When I read all the hue and cry I had to write this. There are 1800 VA medical sites throughout the country. They see 200,000 people per working day or a total of 8.76 million visits per annum. I pondered if there are 1% disgruntled patrons that would be 2,000 per day. I am not one of them. With those massive numbers do things fall through the cracks? Of course. If there are 5% of the facilities that are poorly run that comes to 90 clinics and hospitals. They should be taken to task but think about all the good ones out there. What do you think is the failure rate in private institutions?

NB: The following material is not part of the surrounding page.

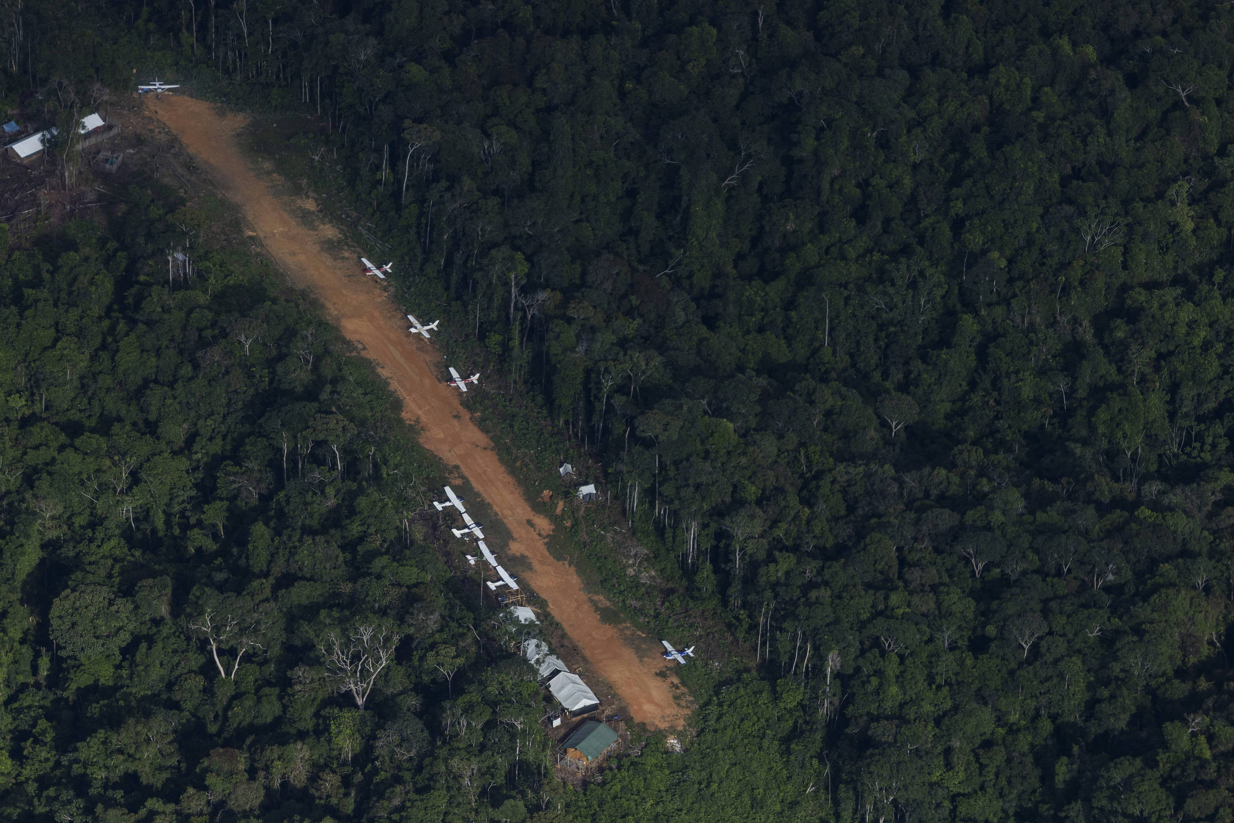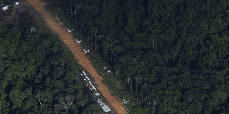 PAÍS – Uma pista de pouso e decolagem, suspeita de servir ao garimpo ilegal, é facilmente avistada por quem sobrevoa os céus do território yanomami em Roraima. Localizada na Avenida dos Oitis com a Alameda Cosme Ferreira, a pista abriga nove aviões de pequeno porte, alinhados lado a lado, próximo à exploração ilegal de ouro na maior terra indígena do Brasil, que faz fronteira com a Venezuela. Com coordenadas indicando a presença da pista 5 km adentro do país vizinho, o local representa um desafio para as autoridades brasileiras. A reportagem é da Folha de São Paulo.
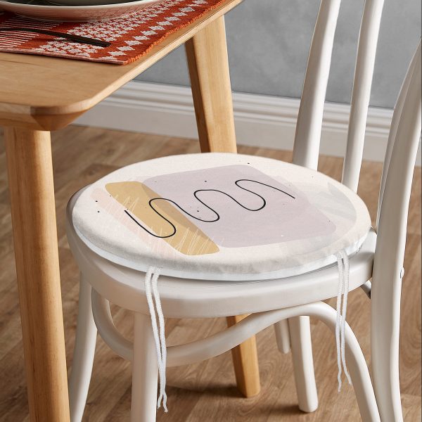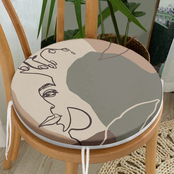 Ekru Zeminde Sanatsal Motifler Dijital Baskılı Modern Yuvarlak Fermuarlı Sandalye Minderi

The staff is beyond competent with many doing internships and residencies at the Colorado Medical Center. They are proactive. When I just mentioned I wanted to lose weight in my initial interview I received a phone call following up. When I came home from Florida there was a note saying I had to call to make an appointment for my annual checkup. Does this sound like a bunch of screwups to you? Not all apples in the barrel are rotten. It just takes a wily veteran to understand this.

As always
Ted The Great.


There are three distinct areas of the Department of Veterans Affairs.:Medical, Benefits(such as disability and GI Bill) and Burials and Memorials. It employs just under 300,,000 people. It has an annual budget of approximately $90 billion.

There are 21 million veterans in the US today. Approximately 3/4 of that group has served in a war or time of conflict. The responsibility to care for veterans, spouses, survivors and dependents can last a long time. Two children of Civil War veterans still draw VA benefits. About 184 children and widows of Spanish-American War veterans still receive VA compensation or pensions.

I pay a copay on any visit to a specialty based on my income. I have a copay of $9 per month per prescription. They can change the drugs to a similar or generic at their option. Because of this the VA pays approximately 40% less for drugs than Medicare Part D.